Organizadores*
* Publicado no Jornal do Centro há exactamente dez anos, em 21 de Setembro de 2012
Escrevo esta crónica na sexta-feira dia 14. Esta antecipação de uma semana é um “tem que ser” pessoal que pode tornar esta crónica obsoleta, já que estamos em pleno momento de aceleração política, e, quando estas linhas chegarem às mãos dos leitores, pode até não haver governo, embora isso não seja provável. Os silêncios e o suspense de Paulo Portas devem-se só à preparação do estômago do CDS para a digestão da dose nutrida de sapos incluídos no próximo orçamento de estado.

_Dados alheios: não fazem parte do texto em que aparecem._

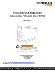 ® Instructions d’installation Génératrices refroidies par air 60 Hz 15kW EcoGen™ AVERTISSEMENT Danger de mort. Ce produit ne doit pas être utilisé dans une application critique de support de vie. Le non-respect de cet avertissement peut entraîner la mort ou des blessures graves. (000209b) Enregistrez votre produit Generac à : WWW.GENERAC.COM 1-888-GENERAC (888-436-3722) For English, visit: http://www.generac.com/service-support/product-support-lookup Para español, visita: http://www.generac.com/service-support/product-support-lookup CONSERVER CE MANUEL POUR TOUTE CONSULTATION ULTÉRIEURE Utiliser cette page pour consigner l’information importante sur cette génératrice. Modèle : N° de série : Date de fabrication : Tension (V) : Courant (A) PL : Courant (A) GN : Fréquence (Hz) : Phases : Réf. contrôleur : STA MAC ID : SSID (Service Set Identifier) : Consigner dans cette page l’information figurant sur l’étiquette signalétique de l’appareil. Voir l’emplacement de l’étiquette signalétique dans le manuel de l’utilisateur. L’étiquette signalétique de l’appareil est apposée sur la paroi intérieure, à gauche du tableau de commande. Toujours fournir les numéros de modèle et de série complets de l’appareil lorsqu’on communique avec un IASD (Independant Authorized Service Dealer, fournisseur de services d’entretien agréé indépendant) concernant des pièces ou une réparation. Utilisation et entretien : Un entretien et des soins corrects de l’appareil permettent de minimiser les problèmes et de maintenir les coûts d’exploitation à un minimum. L’exploitant a pour responsabilité d’effectuer toutes les inspections de sécurité, de vérifier que tout l’entretien est effectué sans délai pour garantir un fonctionnement sans danger et de faire inspecter le matériel à intervalles réguliers par un IASD. L’entretien courant, les réparations et le remplacement de pièces relèvent de la responsabilité du propriétaire/exploitant et ne constituent pas des défauts de pièces ou de maind’œuvre en vertu des dispositions de la garantie. Les pratiques d’exploitation et l’usage d’un appareil particulier peuvent contribuer à la nécessité d’un entretien ou de réparations plus fréquents. Lorsque le générateur nécessite un entretien ou une réparation, Generac recommande de communiquer avec un IASD pour obtenir de l’assistance. Les techniciens en entretien et en réparation agréés sont formés en usine et peuvent répondre à tous les besoins en matière d’entretien et de réparation. Pour trouver l’IASD le plus près, visitez le : www.generac.com/Dealer-Locator. AVERTISSEMENT CANCER ET EFFET NOCIF SUR LA REPRODUCTION www.P65Warnings.ca.gov. (000393a) ii Guide d’installation des génératrices EcoGen™ 60 Hz Table des matières Section 1 : Règles de sécurité et généralités Introduction ............................................................. 1 Air frais pour la ventilation et le refroidissement ................................................. 16 Veiller à lire attentivement ce manuel ............................. 1 Prévention de l’infiltration d’eau .......................... 16 Règles de sécurité .................................................. 1 Proximité du réseau de distribution public ......... 16 Pour tout besoin d’assistance ......................................... 2 Vérification de la portée du Wi-Fi ...................................17 Risques généraux ................................................... 2 Recommandations de transport .......................... 17 Risques liés à l’échappement ................................ 3 Surface de montage appropriée ...........................17 Risques électriques ................................................ 3 Installation sur les toits, plateformes et autres structures portantes .............................................. 17 Risques d’incendie ................................................. 3 Risques d’explosion ............................................... 4 Risques liés aux batteries ...................................... 4 Règles générales .................................................... 5 Avant de commencer ...................................................... 5 Exigences du Code national de l’électricité des États-Unis (NEC) ............................................................. 5 Index des normes ............................................................ 6 Section 2 : Déballage et inspection Section 4 : Mise en place de la génératrice Mise en place de la génératrice ............................ 19 Pose de la bordure de socle (le cas échéant) ..... 19 Pose des bouchons de base (le cas échéant) ..... 20 Section 5 : Sélection de carburant et raccordements de gaz Généralités .............................................................. 7 Exigences et recommandations concernant le carburant ................................................................ 21 Outillage nécessaire ............................................... 7 Pouvoir calorifique .........................................................21 Pression de carburant ....................................................21 Déballage ................................................................. 7 Ouvrir le couvercle supérieur .......................................... 8 Changement de carburant .................................... 21 Retrait des panneaux d’enceinte ........................... 8 Consommation de carburant ................................ 22 Retirer le panneau d’accès avant .................................... 8 Retirer le panneau latéral d’admission ............................ 9 Diamètre des conduites de gaz ............................ 22 Branchements d’abonné et pièces en vrac .......... 9 Branchements arrière ............................................. 9 Disjoncteur prin

As legislativas do ano passado foram as mais mentirosas desta terceira república. Nem José Sócrates, nem Passos Coelho, nem nenhum outro político explicou que o programa do governo que ia sair das eleições ia ser o memorando de entendimento assinado com os credores.
O país vive, desde 17 de Maio de 2011, em estado de negação: ninguém assume que somos neste momento um protectorado nas mãos dos credores. É claro que os políticos — sob pena de passarem a ser vistos como meros feitores do rectângulo — não o podem reconhecer e, por isso, todos eles têm usado o velho truque de Jean Cocteau: “uma vez que estes mistérios nos ultrapassam, finjamos ser os seus organizadores.”
A Troika, o “organizador” dos sacrifícios que estamos a sofrer, funcionava como pára-raios perfeito da impopularidade. Um dos seus trabalhos é mesmo esse: servir de bode expiatório para as opiniões públicas dos países intervencionados.
Só que Passos Coelho preferiu fingir que era ele o “organizador” daquele iníquo “subtraio-aos-trabalhadores-para-somar-aos-empresários”. O primeiro-ministro não ter percebido que isso era um erro crasso é um mistério.